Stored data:
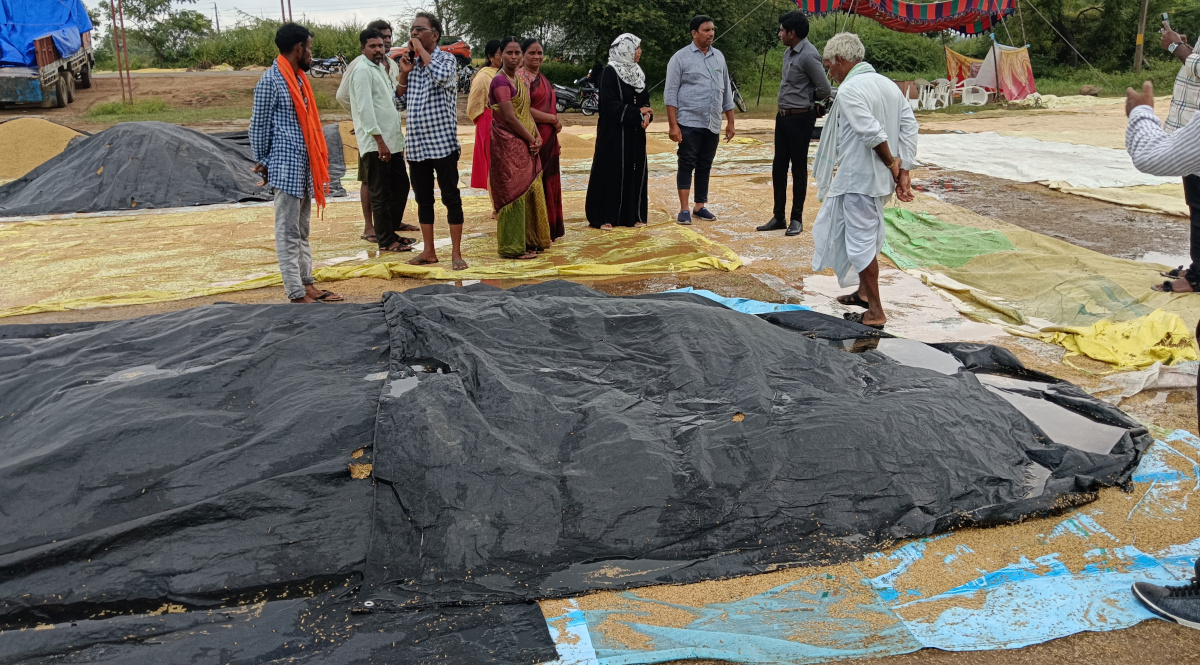 మండలంలో శనివారం కురిసిన భారీ వర్షానికి రైతులు ఆరబోసిన ధాన్యం తడిసి ముద్దయింది. ధాన్యం కొనుగోలు కేంద్రాలలో ఆరబోసుకున్న ధాన్యం తడిసి ముద్దవ్వడంతో రైతులు తీవ్ర ఆందోళన చెందారు. ఒక గంటలో తమ ధాన్యం తరలిస్తామన్న రైతన్నల ఆశలు అడియాశలయ్యాయి. ఈ విషయం తెలిసిన వెంటనే స్థానిక తహసిల్దార్ శ్రవణ్ కుమార్ సంఘటన స్థలానికి విచ్చేసి పరిశీలించారు. గత రెండు మూడు సంవత్సరాలుగా రైతులకు వర్షాభావ పరిస్థితులతో తీవ్ర ఇబ్బందులు కాల్చి వస్తుంది. గత సంవత్సరం పొగాకు పండించిన రైతులకు తీవ్ర నష్టం వాటిల్లగా.. రైతులు సోయ పంటను వేయగా అట్టి పంట నీట మునిగి రైతులకు దెబ్బ మీద దెబ్బ పడితే అప్పుల పాలవుతున్నారు. ప్రభుత్వం రైతాంగాన్ని ఆదుకోవాలని వారి కోరుతున్నారు.
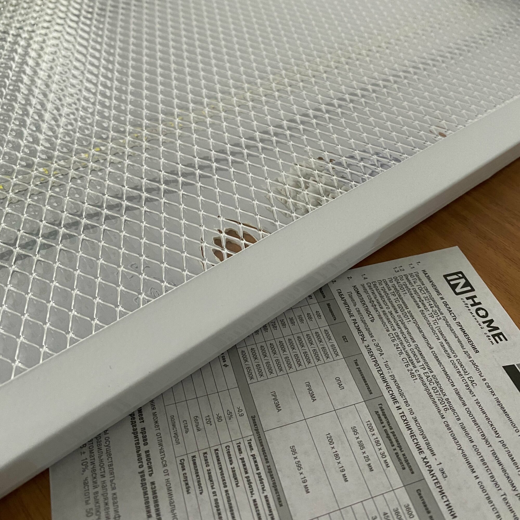 In Home LPU-02-ПРИЗМА 100Вт 6500К IP40 8500лм 230В 595х595х19мм встраив. с рассеив. призма универс. панель 4690612029795 (белый)
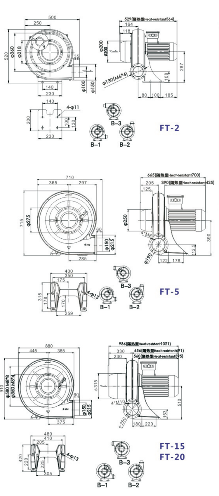 3.所有防爆透浦风机的安装尺寸、及风口尺寸与原透浦风机相同,仅配套防爆电机尺寸有异,订购时请确认安装工况是否有影响;
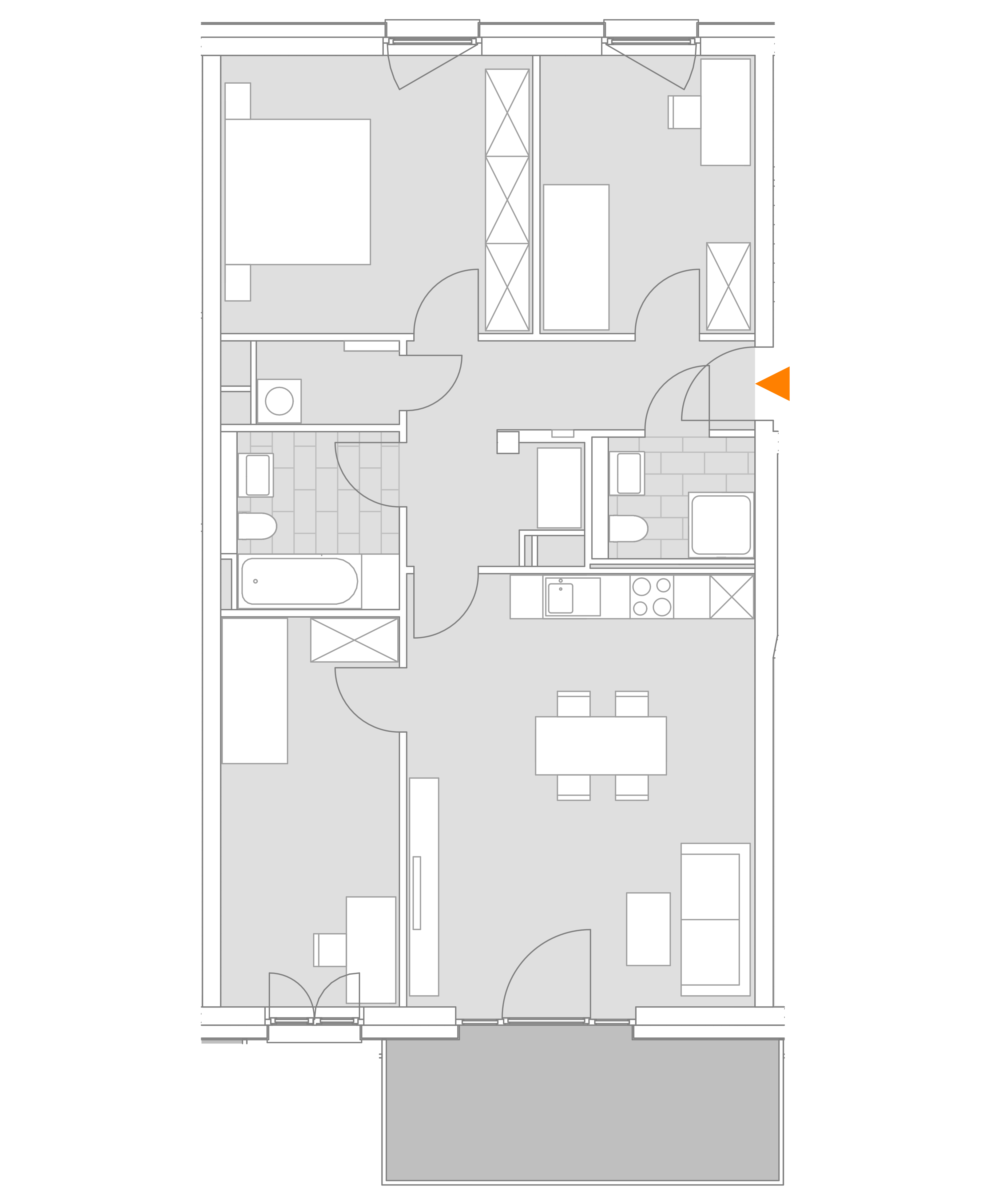 In jedem Gebäude steht den Bewohnern ein Aufzug zur Verfügung, mit dem sie alle Etagen von der Tiefgarage bis zum Obergeschoss bequem erreichen können. Der helle Parkettboden, egal ob im Wohn-, Ess- oder Schlafzimmer, schafft in der gesamten Wohnung ein gemütliches Ambiente mit optimalem Raumklima, das zum Wohlfühlen einlädt. Große bodentiefe Fenster ermöglichen nicht nur einen schönen Blick nach draußen, sondern auch eine natürliche Belichtung in allen Räumen. Jede Wohnung verfügt über einen eigenen Balkon oder eine Terrasse – der ideale Ort für Entspannung im Freien.
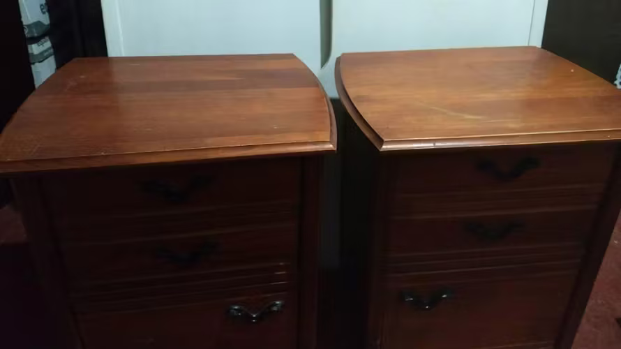 - San MiguelCama, respaldo y veladores, todo Rosen de madera y cuero de dos plazas, impecable.

» Work to be completed
Give again, word for word, the line that contains "In jedem Gebäude" and every line after it through the end of the entries; omit the pictures.

» Answer to this task
 In jedem Gebäude steht den Bewohnern ein Aufzug zur Verfügung, mit dem sie alle Etagen von der Tiefgarage bis zum Obergeschoss bequem erreichen können. Der helle Parkettboden, egal ob im Wohn-, Ess- oder Schlafzimmer, schafft in der gesamten Wohnung ein gemütliches Ambiente mit optimalem Raumklima, das zum Wohlfühlen einlädt. Große bodentiefe Fenster ermöglichen nicht nur einen schönen Blick nach draußen, sondern auch eine natürliche Belichtung in allen Räumen. Jede Wohnung verfügt über einen eigenen Balkon oder eine Terrasse – der ideale Ort für Entspannung im Freien.
 - San MiguelCama, respaldo y veladores, todo Rosen de madera y cuero de dos plazas, impecable.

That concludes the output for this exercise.